Implementing intrinsics that were released along a wider register type
Some intrinsics for a size N are introduce in the same generation that introduces a register of size `2N.
_mm_srlv_epi32(128 bits) is introduced in Avx2, along with_mm256- Plently of 128 and 256 API introduced in AVX512
I'm wondering how to implement that in Xsimd.
My best understanding is that when compiling with AVX2, std::make_sized_batch<uint8_t, 16>() will return an xsimd::sse4.2 architecture and the dispatch mechanism cannot know from requires_arch that the AVX2 128 bit instruction is available.
One way to work around it is using if constexpr(supported_architectures::contains<avx2>()) but that seems to duplicate the dispatch mechanism.
Another possibility could be to decouple the architecture from the register type.
What do you think @JohanMabille @serge-sans-paille ?
I was thinking of the same problem. My guess for now would be to introduce an sse_avx sse_av2, sse_vl register in the hierarchy.
Then the make_sized_batch returns the appropriate one. In avx and avx2, avx512 we need to override the forward to sse and forward to avx functions.
An alternative is to have an avx<sse> class as it happens with fma
PS: this is related to #1009 so probably requires some more thoughts.
I think there are two orthognoal problems here. The first one is the way we represent the instruction set extensions in xsimd. This is a topic we've been discussing for quite a long with Serge, and so far the idea is to be able to add "flavors" to the instruction set tag; either with template parameters (as suggested in #1009 and by @DiamonDinoia ), or with expressions like "avx & fma".

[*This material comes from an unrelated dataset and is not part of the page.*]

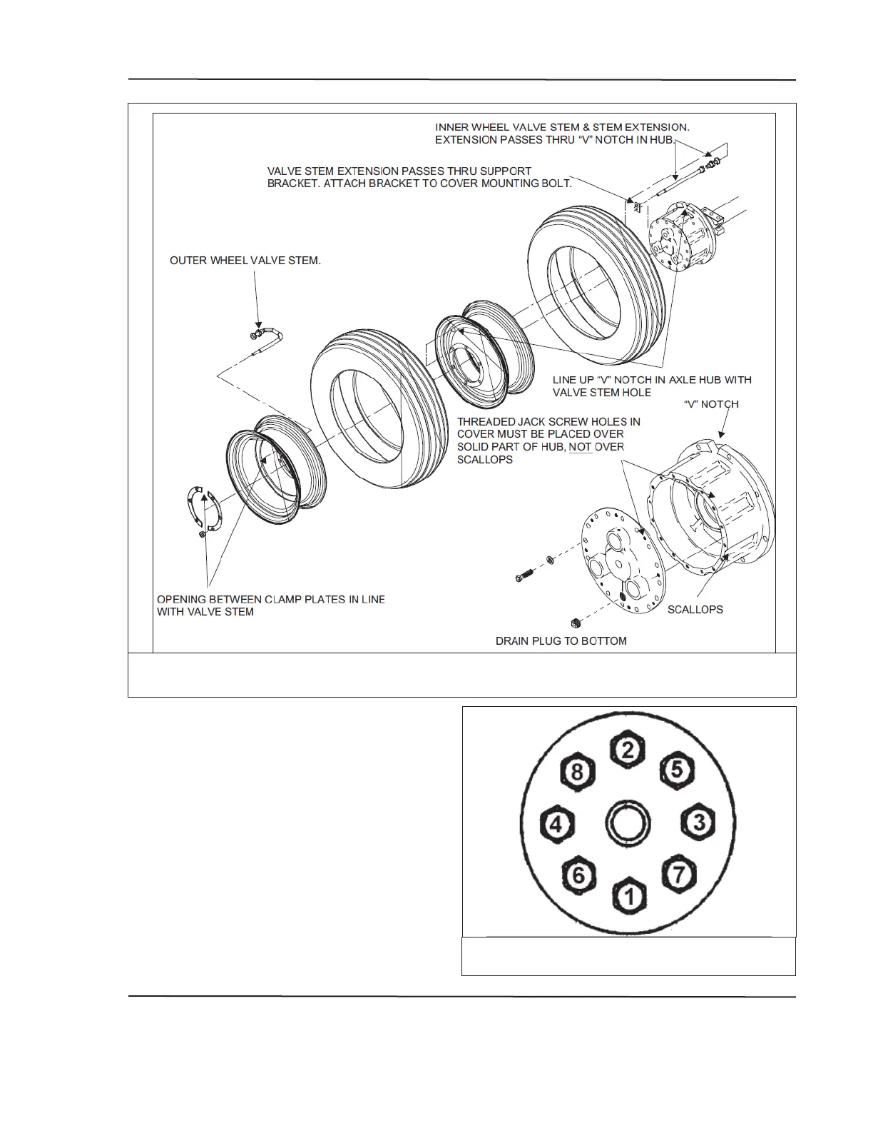 FIGURE 1. PROPER INSTALLATION OF AXLE HUB COVER PLATE AND DUAL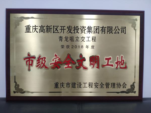 近日,重庆市建设工程安全管理协会为青龙咀立交工程颁发了“市级安全文明工地”奖项。

The second one is that the arch we pass to the implementation functions is that of the batch (see https://github.com/xtensor-stack/xsimd/blob/master/include/xsimd/types/xsimd_api.hpp#L60 for instance). That could be fixed with something like:
template <class T, class A>
XSIMD_INLINE batch<T, A> abs(batch<T, A> const& x) noexcept
{
detail::static_check_supported_config<T, A>();
return kernel::abs<A>(x, detected_arch{});
}
My naive thinking is to use XSIMD_DECLARE_SIMD_REGISTER_ALIAS to declare a sse_avx register that inherits from sse4_2 and overrride just the kernels that benefits from avx on sse. May I ask where this falls apart?
My naive thinking is to use XSIMD_DECLARE_SIMD_REGISTER_ALIAS to declare a sse_avx register that inherits from sse4_2 and overrride just the kernels that benefits from avx on sse. May I ask where this falls apart?

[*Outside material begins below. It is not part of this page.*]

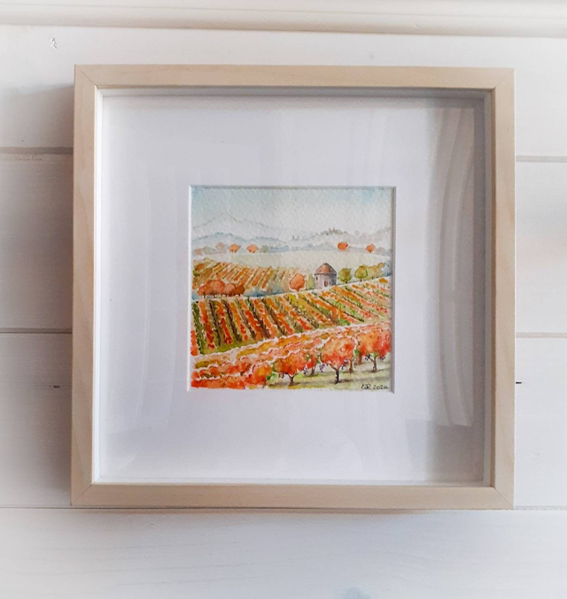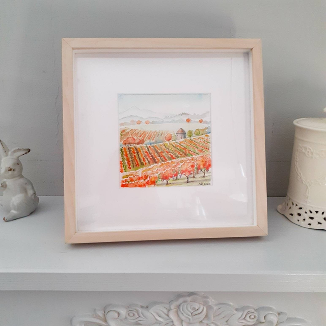 Le dimensioni del dipinto sono cm 12x12, è venduto con cornice di cm 25x25 in legno chiaro con passepartout bianco. Può essere appeso o appoggiato in quanto la cornice è dotata sia di gancetto che di supporto.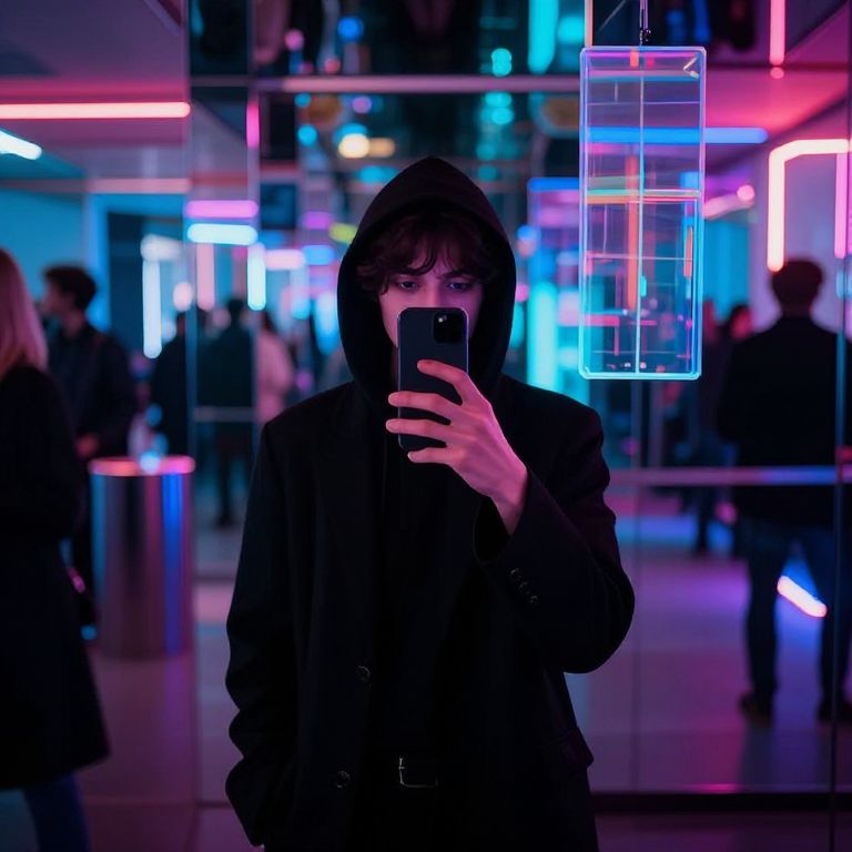 A photograph of a young person with pale skin and dark, shaggy hair wearing a black hooded coat, standing in a brightly lit, futuristic urban environment. They are holding a smartphone in front of their face, partially obscuring their features. Neon blue and pink lights illuminate the background, reflecting off glass walls and creating a vibrant, cyberpunk atmosphere. A glowing, neon blue and pink geometric light fixture hangs in the upper right. Blurred figures of other people are visible in the background, adding depth to the scene. The overall style is modern and edgy.

That's the easy part. You also want this type to derive from sse4_2, so that automatic fallback works as expected.
Now for the difficult part, what would be the naming scheme? So far we've use template composition, e.g.

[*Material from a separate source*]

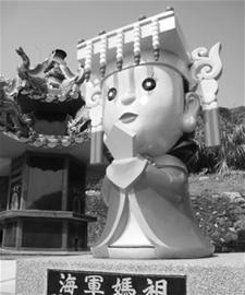 除了天顯宮,與臺軍方關系相當密切的廟宇,還有蘇澳中正軍港內的媽祖廟進安宮。30多年來,進安宮成為當地官兵的信仰對象,各型軍艦進港都會前往祈福。去年底蘇澳民眾請示媽祖后,還捐資建立了一座高達3米的“海軍媽祖”石像(如圖),成為軍港的地標,據稱歷任海軍高級將領幾乎都會來這里上香。作為全臺唯一軍方與地方共管的廟宇,民眾到進安宮參拜媽祖,還要先登記,并且只有假日才能進香。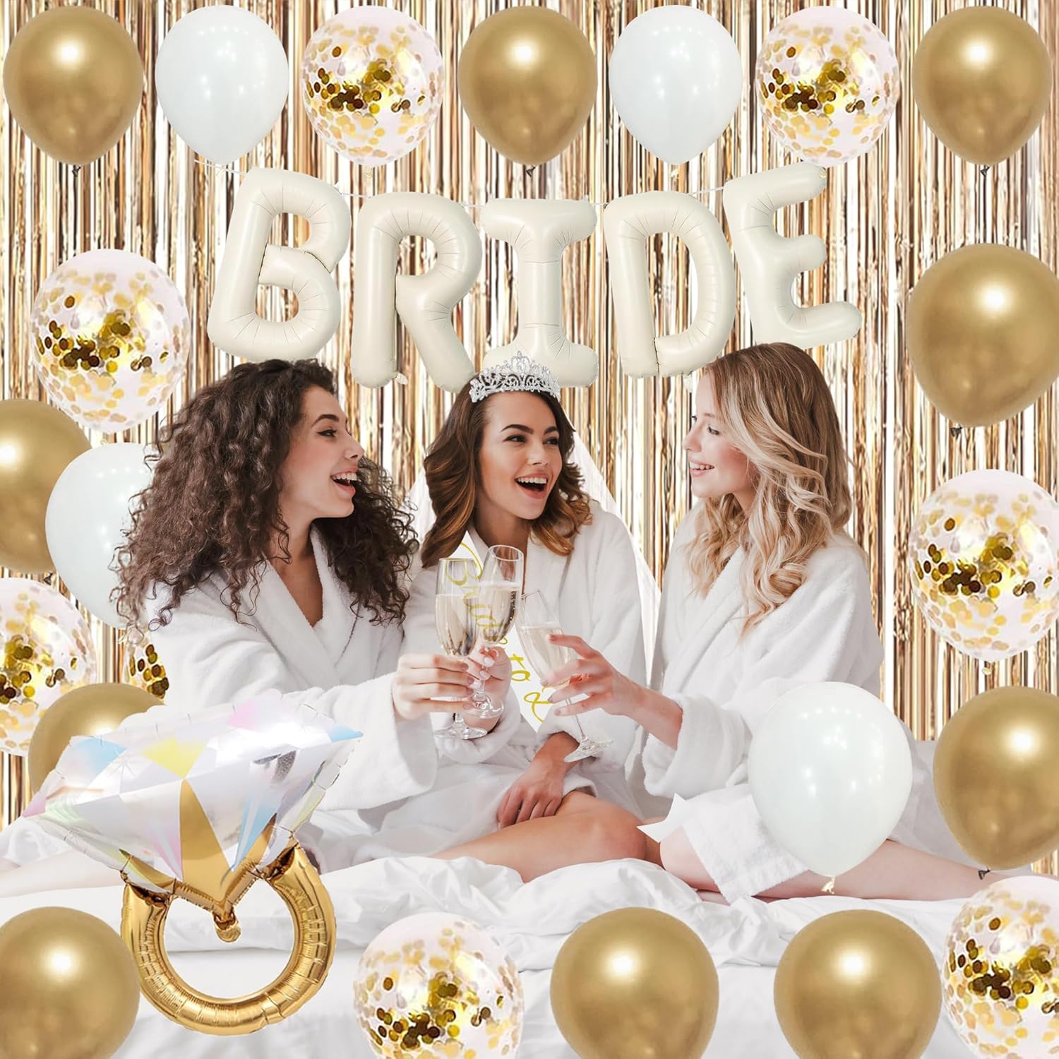 • [Quality Bachelorette Party Decorations] Each set of bride to be champagne gold birthday decorations are carefully checked to ensure the following: Quality balloons are long-lasting, won't burst easily, no unpleasant holes or odors, use air and helium. No more misspelled Bride to Be white gold banner and poor quality balloons! Every women will have a happy bachelorette party.

fma3<sse4_2> to specify sse4.2 with fma3 extension.
so in that spirit we would have
avx512f<sse4_2> to specify sse4.2 with avx512f extensions.
Unfortunately we already use avx512f as an architectural type. But maybe
ext::avx512f<sse4_2> would be good? That way we would also have
ext::avx512f
This may mean we'd use ext::fma3 instead of fma3, that's an API break but I'm fine with it.
I like that idea and can implement it before the release, but it's a non negligible feature change, so I think it's worth being merged after the release, so that we can peacefully explore the consequences after the release.
I agree that this change should be merged after the release. Regarding the scheme, we could keep backward compatibility by defining ext::fma3 as fma3 first, and then remove fma3 latter when we decide to cut a major release.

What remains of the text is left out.